Alternative Engines Beyond AD

A few other projects to know which are in this space:

1. Symbolics.jl does symbolic differentiation. It recently gained support for array operators, though it cannot do matrix calculus yet. It allows for partial evaluation and mathematical simplification before differentiation, and so it can be more efficient than some ways, but of course has the downside of expression growth on larger codes.
2. FastDifferentiation.jl uses the D* algorithm which is quasi-symbolic but handles larger expressions and sparsity really well. It’s the fastest way to do large (sparse) Jacobians. We hope to integrate it into Symbolics.jl rather soon so that it’s easier to employ on general codes.
3. FiniteDiff.jl should get a mention as a finite differencing library for gradients, Jacobians, and Hessians that is rather optimal. It will beat autodiff in many cases because it is non-allocating and tries every trick in the book. Don’t sleep on it, though of course finite differencing does have some floating point accuracy trade offs.

Some other cool projects to know

Inevitably, there’s other projects to be aware of. Some are:

1. TaylorDiff.jl is like ForwardDiff.jl but for higher order AD in an efficient way. It’s not mature yet but is getting there.
2. Tapir.jl is a pretty new reverse mode AD with some nice performance with scalar indexing and mutation but being done at the Julia level for better user feedback than Enzyme. This might be a nice competitor in the near future?
3. AbstractDifferentiation.jl and DifferentiationInterface.jl are creating swappable AD platforms. They aren’t quite as efficient as one can get if they really know the AD engines through and through, but is probabaly as efficient as how most people would use the ADs.

tl;dr, use ForwardDiff.jl and Zygote.jl, though if your code is type stable use Enzyme.jl. I think by the end of this year I would start to say Enzyme.jl will be the default for “most” users, it just needs a few more rules and a little bit more type-unstable support. Though note that even if you use Zygote.jl, the library may define a chain rule that uses Enzyme.jl internally, so they are not mutually exclusive.
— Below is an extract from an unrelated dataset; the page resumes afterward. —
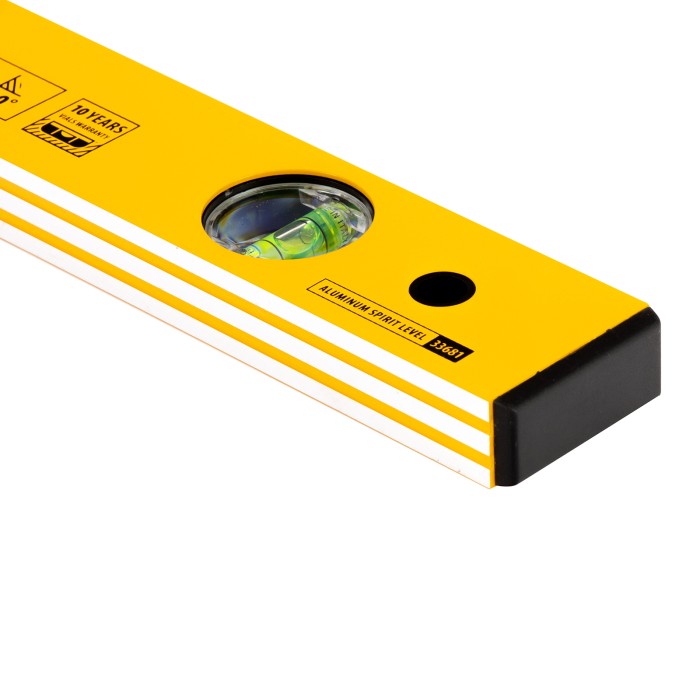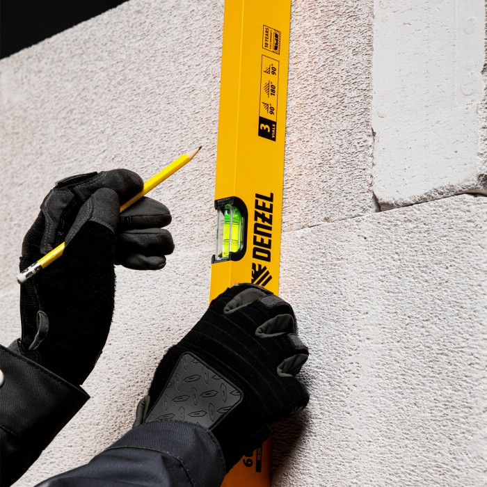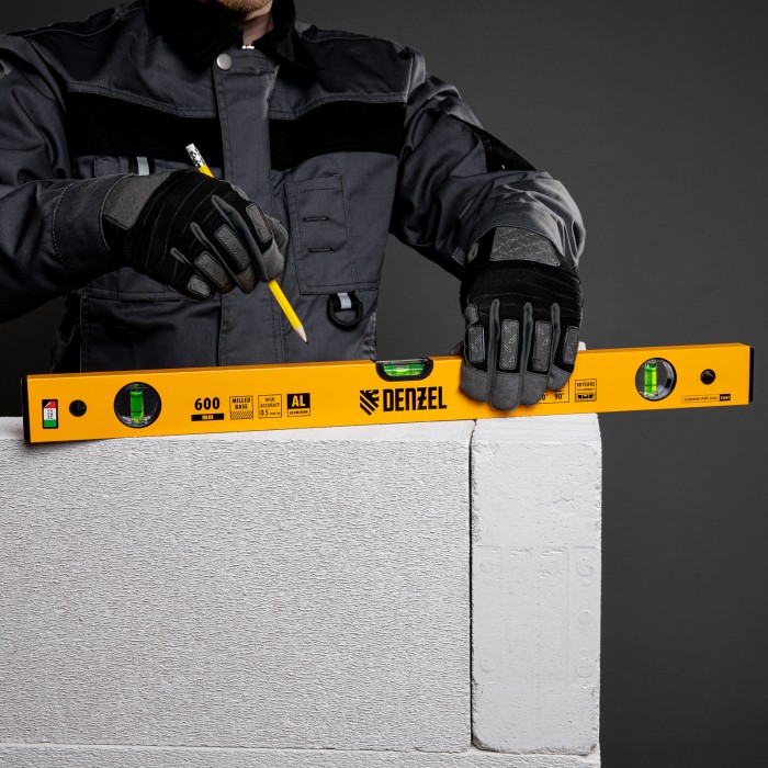 Алюминиевый фрезерованный уровень Denzel 33681 длиной 600 мм, с 3 глазками, используется для контроля вертикальных и горизонтальных плоскостей. Позволяет получить качественный результат при выполнении строительных и отделочных работ.ПреимуществаНадежность и долговечность — инструмент изготовлен из алюминиевого профиля.Ударопрочность — ампулы имеют прочные стенки из поликарбоната.Невысокая погрешность 0,5 мм/м — базовая поверхность фрезерована.Высокое качество — пузырьковые ампулы установлены с использованием электронного контроля точности.Для определения отклонения вертикали 90° необходимо использовать пузырьковую ампулу только в верхнем положении уровня. Только базовая поверхность (противоположная ампуле 180°) является рабочей.

I just want to add more details on that last part, vis a vis DifferentiationInterface. This week, I finished implementing caches / tapes / configs / other optimizations for every backend except Enzyme (see #115). A lot of that was inspired by issues from AbstractDifferentiation, in which @ChrisRackauckas explained the needs of the SciML ecosystem (like #14 or #41).

The goal of DifferentiationInterface was precisely to make these optimizations (1) possible and (2) transparent to the user, so that they don’t have to “really know the AD engines through and through”. See the tutorial for an example of how it works. In a way, it’s AbstractDifferentiation rebuilt with some hindsight (more details on that link in the upcoming official announcement).

Of course I have probably missed a few spots, but overall I would say the following: at least for the main traditional backends (ForwardDiff, ReverseDiff, Zygote), you don’t leave much performance on the table by using DifferentiationInterface. I’m happy to be proven wrong, and even more happy for people to contribute fixes

@ChrisRackauckas @gdalle the swiftness and depth of your answers (and so many others) on this forum are a cornerstone of this community! Thank you so much!

I hope AD gets the LinearSolve.jl treatment where there are many small and specialized libraries that get unified under a common interface. This kind of strategy makes it easy to try out many different approaches while prototyping before switching to the specific library when an appropriate method is found.